Prior to the civil war, UN inspectors and weapons experts estimated that Assad’s regime held stockpiles of up to 1,000 metric tons of neurotoxins such as Sarin and other nerve agents.

When weaponised, these nerve agents are in gel or liquid form and carried in the warheads of artillery shells or missiles. Each projectile would carry a few litres of agent. In order to be fully effective, a concentrated artillery barrage would be required to generate sufficient levels of gas and aerosol to achieve an effective “kill ratio”.

Chemical attack

Such a sustained artillery barrage was used by Saddam Hussein’s forces in the infamous chemical weapon attack on the town of Halabja in 1988. In that attack Saddam’s forces used a blood agent, hydrogen cyanide, to murder 5,000 men, women and children.

Death by chemical weapon is always indiscriminate and excruciatingly painful. In Halabja, the victims would have drowned as their lungs filled with their own blood.

Assad’s regime is believed to have used the nerve agent Sarin in 2013 to kill 1,429 civilians in Eastern Ghouta, a suburb of Damascus. Among the dead were 426 children. Such an attack, in terms of scale and concentration of fire, matches the profile of a conventional chemical attack mounted with the type of artillery assets available to a state actor.

Chlorine gas is a less sophisticated agent. Its use in the Syrian conflict has been confined to isolated, localised attacks with relatively few fatalities. Four people were reportedly killed in such an attack in Kafr Zita in 2014. Another chlorine gas attack is alleged to have taken place in Saraqeb, in Idlib province.

The Aleppo chlorine gas attack appears to be a sordid footnote to the overall conduct of the war there.
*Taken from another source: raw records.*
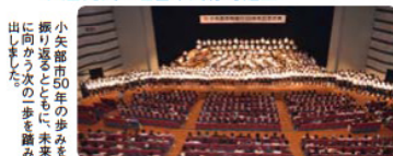
小矢部市50年の歩みを見つめ、未来を歩む一歩を踏み出しました。
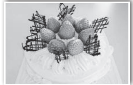
記念日には、ケーキはいかがでしょう
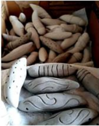
Figura 1 –Crisálidas en arcilla cruda
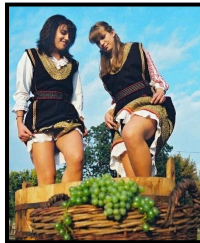
Sl. br. 13 Gaženje grožđa

Muljanjem se grožđe gnječi, a preporuča se muljača koja odvaja peteljku, zbog toga što peteljka sadrži tanine koji vinu daju trpak i gorak okus, pogotovo ako peteljka prevrije s masuljem.
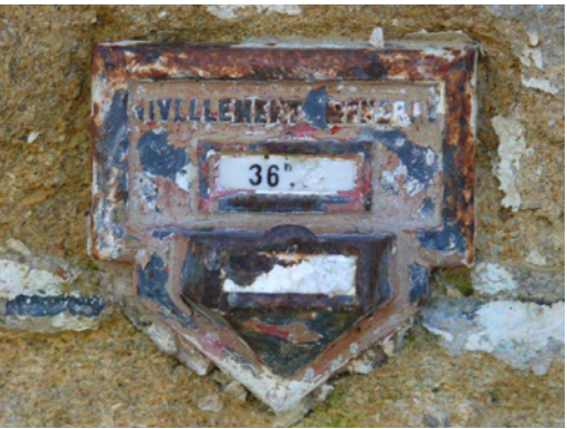
7. Repère altimétrique du nivellement général
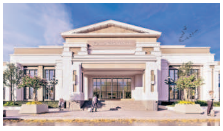
కళాభారతి నమూనా చిత్రం నల్లగొండ కళాభారతికి రూ.93కోట్లు నిధులు విడుదల చేస్తూ ఉత్తరువులు జారీ ఈ నెల 2న శంకుస్థాపన చేసిన మంత్రులు కేటీఆర్, జగదీశ్ రెడ్డి

'స్వరాష్ట్రంలో ముఖ్యమంత్రి కేసీఆర్ పాలన తెలంగాణకు స్వర్ణయుగాన్ని తెచ్చింది. 2014కు ముందు అవేతనంగా మారిన కుల సంఘాలు, వృత్తులకు జీవం పోసింది సీఎం కేసీఆర్. వృత్తిదారులను ఆర్థికంగా బలోపేతం చేసేందుకు ముఖ్యమంత్రి ఎంతో కృషి చేస్తున్నారు' అని రాష్ట్ర విద్యుత్ శాఖ మంత్రి గుంటకండ్ల జగదీశ్ రెడ్డి అన్నారు. సూర్యాపేట మండలంలోని కేసారం గ్రామ సమీపంలో బుట్టాజు, మేదరి, రజక సంఘాల కమ్యూనిటీ హాల్లు, మొబైల్ షాప్స్ అసోసియేషన్ భవన నిర్మాణాలకు, పెన్షనరీ మండలం దోసపహాడ్లో వంద డబుల్ బెడ్రూం ఇండ్ల నిర్మాణాలకు శనివారం శంకుస్థాపన చేశారు. ఈ సందర్భంగా మంత్రి మాట్లాడుతూ రాష్ట్రం ఏర్పడక ముందు కరువు కాటకాలతో అలమటించిన సూర్యాపేట నేడు దేశానికి అన్నం పెట్టే అన్నపూర్ణగా అవతరించినది న్నారు. అందరి బాగు కోరే బీఆర్ఎస్ ను మరోమారు ఆశీర్వదించి కేసీఆర్ ను మూడోసారి ముఖ్యమంత్రిని చేయాలని ప్రజలను కోరారు. - సూర్యాపేట రూరల్, అక్టోబర్ 7
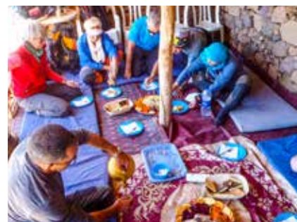
Tee-Zeremonie vor dem Mittagessen

In Marrakesch erwarten Sie um die 25°C. In der Wüste kann es untertags heiß sein, aber speziell am Abend nach Sonnenuntergang wird es kalt werden. Denken Sie beim Packen daher an einen guten Sonnenschutz, aber auch an warme Kleidungsstücke (Handschuhe, Mütze, Thermo-Unterwäsche). Unsere Ausrüstungsliste liefert gute Tipps für das Reisegepäck.
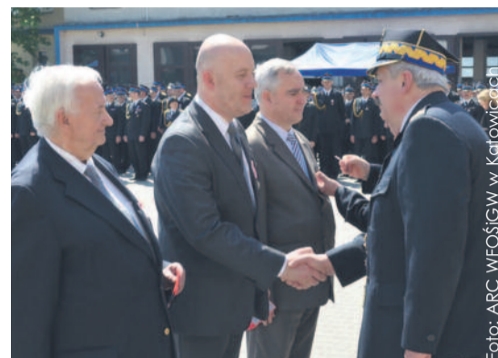
Przedstawiciele WFOŚiGW w Katowicach odebrali wysokie strażackie odznaczenia.

Medal „Za zasługi dla pożarnictwa” został ustanowiony przez Główny Związek Straży Pożarnych RP w 1926 r. i nadawany do 1939 r. Odnaczenie reaktywowano w 1959 r. Nadawane jest funkcjonariuszom straży pożarnej oraz osobom i instytucjom wspomagającym Ochotnicze Straże Pożarne i oddziały Związku w wykonywaniu zadań ratowniczych oraz realizacji celów Związku.
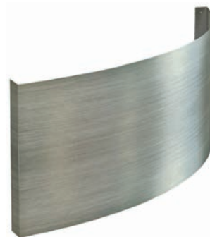
Panneau frontal décoratif
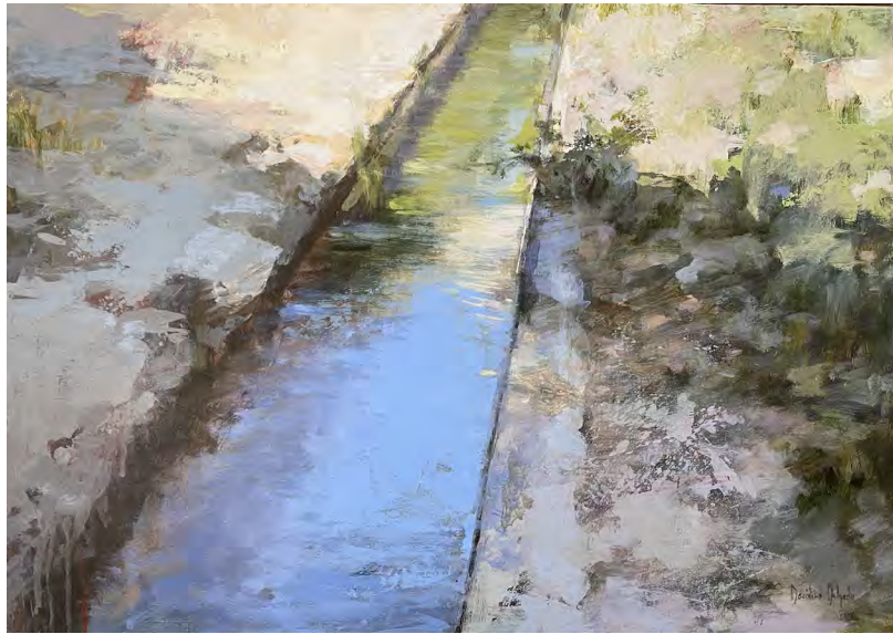
Serie acequias IV. Acrílico sobre tabla 50 x 70 cms.
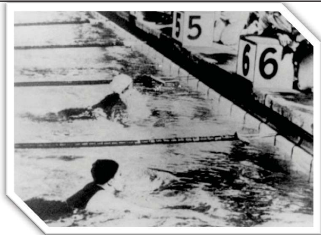
ベルリンオリンピック女子水泳 200m平泳ぎ決勝のフィニッシュ (奥が前畑さん)

前畑さんは引退後も、水泳教室開催、市営プール設置に尽力するなど、80歳で亡くなるまで水泳の普及や後進の育成に熱心に取り組みました。

The amount of agent believed to have been delivered suggests a random mix of chemical weapons among conventional high explosives and anti-personnel devices in order to maximise terror among the civilian population.

Whoever deployed such a device would be guilty of a war crime. Both sides accuse one another.

All parties to the conflict in Syria have been accused by agencies such as the UN, Human Rights Watch International and other NGOs of committing war crimes. We will probably never know who murdered this small family in Aleppo. However, the broader conduct of the battle for Aleppo clearly breaches the laws of armed conflict.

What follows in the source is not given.